Conclusion


"Juan discovered his running ability in the seventh grade. He broke cross-country records while attending LaSalle Academy and was awarded a track scholarship to Fordham University. Freddy and Jose earned entrance to all-scholarship Regis High through their performance on a very difficult entrance exam and in personal interviews. Both are now attending Amherst College.

When these and many other boys first knocked on Nativity’s door, they were indistinguishable from any other Hispanic boy of the Lower East side. Nativity offered them an opportunity to hope, to dream, to succeed. What each of them has done with this opportunity is his gift to Nativity" (Podsiadlo, 1993, 37).

The emergence of Nativity/Mission schools is a response to the inequality and low quality of public school education available to many low income minority students. Nativity/Mission schools have vowed a strong commitment to provide these students with a higher standard of education. They have pledged to support students and families, not only academically but emotionally as well.

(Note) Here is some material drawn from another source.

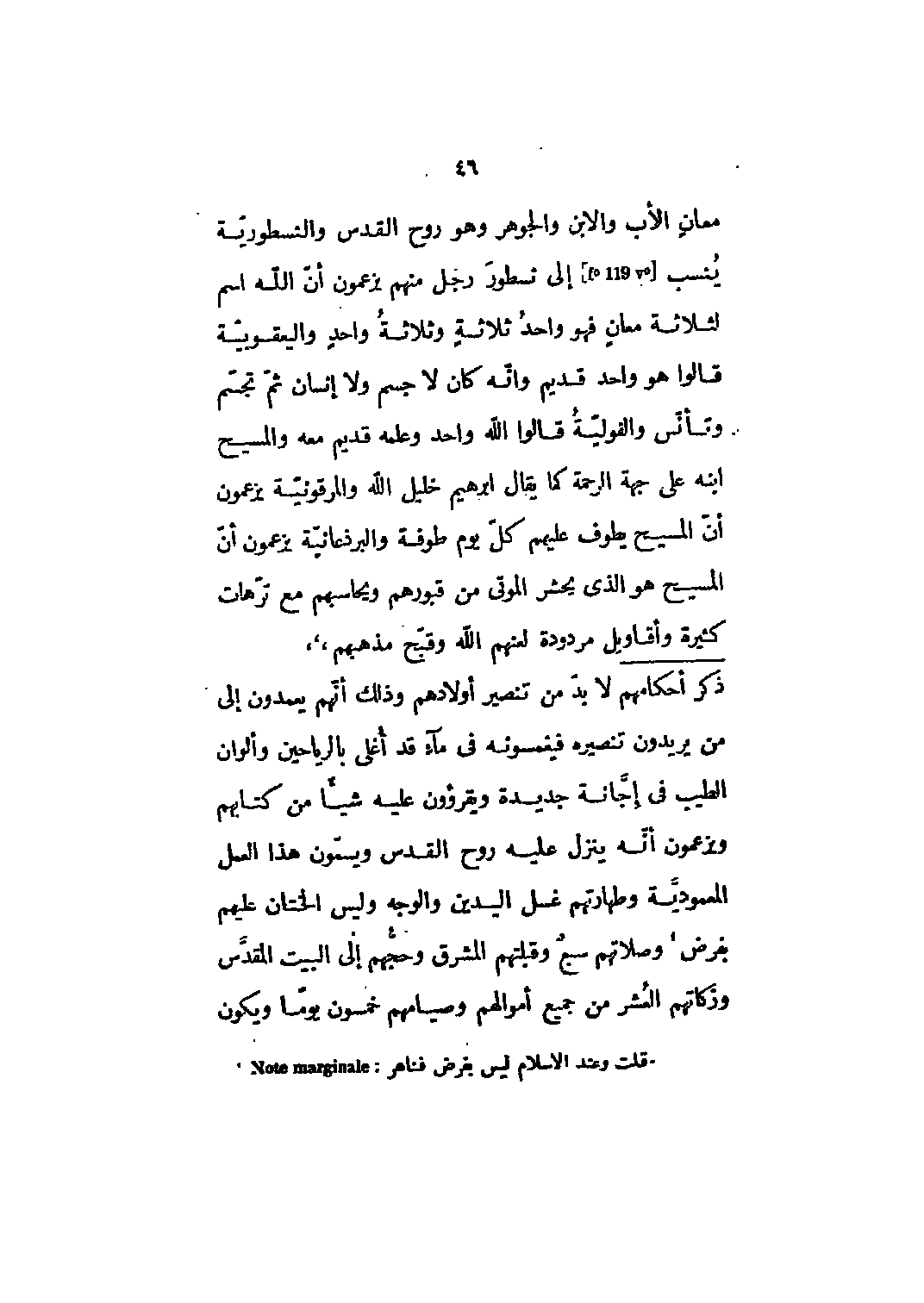 معان الأب والابن والجوهر وهو روح القدس والنسطورية ينسب [F 119 v] إلى نسطور رجل منهم يزعمون أن الله اسم لثلاثة معان فهو واحد ثلاثة وثلاثة واحد واليعقوبية قالوا هو واحد قديم وأنه كان لا جسم ولا إنسان ثم تجسم وتأنس والفولية قالوا الله واحد وعلمه قديم معه والمسيح ابنه على جهة الرحمة كما يقال إبراهيم خليل الله والمرقونية يزعمون أن المسيح يطوف عليهم كل يوم طوفة والبرذعانية يزعمون أن المسيح هو الذي يحشر الموتى من قبورهم ويحاسبهم مع ترهات كثيرة وأقاويل مردودة لعنهم الله وقبح مذهبهم،،،

Nativity/Mission schools have served as a model for small groups interested in providing alternatives to public education in cities with a high concentration of low income minority children. Only recently have other groups of Jesuits realized the twenty-five year success of Nativity Mission School in Manhattan. Within the past 8 years, several other schools have modeled Nativity Mission School. The accomplishments of Nativity Mission School and the other schools that followed indicate that effective steps are being taken to level the playing field for the economically disadvantaged.